The Posture of Poiesis
I sit, pen in hand, my gaze fixed upon a journal’s fresh page.
The world beyond my edges ever so gently brushes my senses. I feel its soft ambience, ever caressing me in its perpetual transience.
I face the paper’s blankness. It allures me. It wants something from me—but I don’t know what. I don’t know if it will come. I don’t even know if I have anything to give. Still, I begin. I let the pen move, and see what wants to find its way through.
The open canvas invites me in.
My mind becomes one with the pen in my hand, a synchrony of thoughts and squiggles. Each new word appears as a voice in my mind. The pen’s tip presses softly against the paper’s fiber. Each letter is inscribed with more grace than the last, in what feels like a gentle dance. There is nothing to consider, just a rhythm to lock into, on a tempo that holds me. The next word enters my mind, ready to be imprinted. And so it is written. My reality has become a continuity of thought, a stream of words, and a steady groove of hand-drawn ink.
Waves of doubt sneak into my mind. Does what I’ve written have any substance, or let alone, depth or beauty? The thought lingers, ever faintly. I feel like I’m just writing meaningless slop. It doesn’t feel like I’m saying anything. But I just gotta keep writing a bit more. Words do appear to keep coming. And it doesn’t really matter what I’ve written. There’s no need to look back, or worry about the content. Everything but the current word at hand eventually fades from my mind into nothing. Each word written is a renewed conviction. I don’t care if my words are profound, or my ideas coherent. I just keep going.

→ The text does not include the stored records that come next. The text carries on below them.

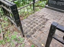 Это одна из ранее выполненных нами работ. Мы устанавливали общую подставку, левый памятник, укладывали брусчатку и монтировали ограждение. На участке было проведено дозахоронение урны, брусчатку вскрывали. Клиент, повторно обратившись к нам, заказал восстановление брусчатки и новую надпись с портретом на памятнике. Первое фото отражает исходное состояние места захоронения.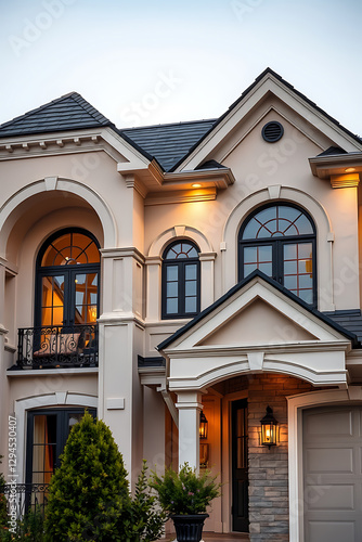 house, home, architecture, building, exterior, luxury, residential, property, design, facades, window, evening, night, lighting, elegant, modern, classic, style, balcony, door, entrance, roof, landscaping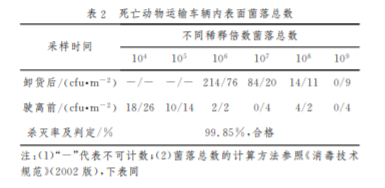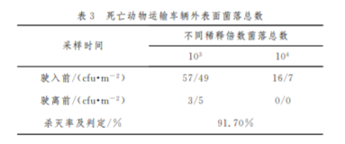 本報(bào)告選取1輛死亡動(dòng)物運(yùn)輸車輛監(jiān)測(cè)細(xì)菌殺 滅情 況,結(jié)果表明該車 輛內(nèi)表面細(xì)菌殺滅率 ≥ 90%,具體見表2、表3。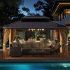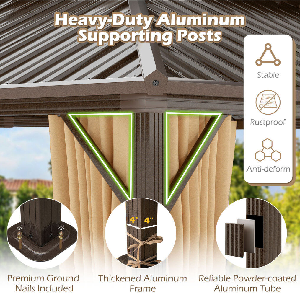 ● Heavy-Duty Structure: The top of this patio gazebo is crafted from anti-deform metal plates, while the columns and beams are made of rustproof aluminum, ensuring a long-lasting stable structure. Plus, each leg has 4 ground nails for extra stability.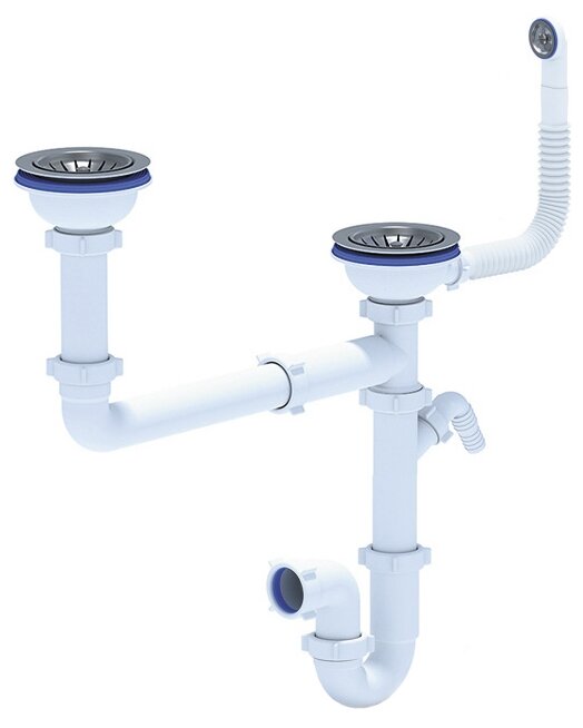 корзинчатый вентиль, отверстие под смеситель, сливная арматура, смеситель, Отводная арматура для двух разноуровневых чаш с выпусками 3 ? ” (D=90мм) и переливом, Отводная арматура с выпуском 3 ½ ” (D=90 мм) и переливом, мойка
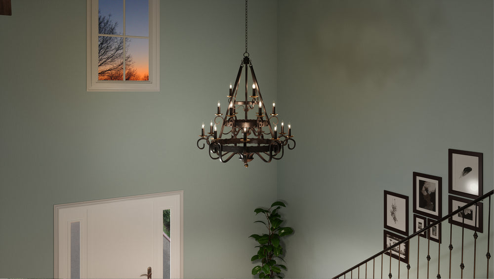 18 Light Chandelier by Quoizel in Rustic Black from the Noble collection.

There’s a particular recess in my mind where the whisperings surface. Words stream out, one after the other, each arriving with quiet clarity. My focus narrows—a concentrated beam illuminating the tiniest sliver of mindspace. Everything beyond the immediate. Every possible thought outside the scope of my immediate writing is cast into darkness. At this point, I’m locked in. Some stray thoughts press against the edges, but most of my conscious experience lies well outside this narrow spotlight.
This is the simplicity of free-flowing expression. I need not think about it. I need not worry. Curiosity may tug on my thoughts, but the intrigue is but a tease. I would love to read my words so far, and invite them to stew in my mind. But the words don’t belong to me. This writer—whose neck, wrists, and fingers strain as the pen’s tip tickles the papers white—cannot know the words he writes. I hold my mind to be open and receptive. My attention points inward, focused like a laser, with a delicate pose. When I do it right, the words come effortlessly, and my mind becomes an overflowing spring.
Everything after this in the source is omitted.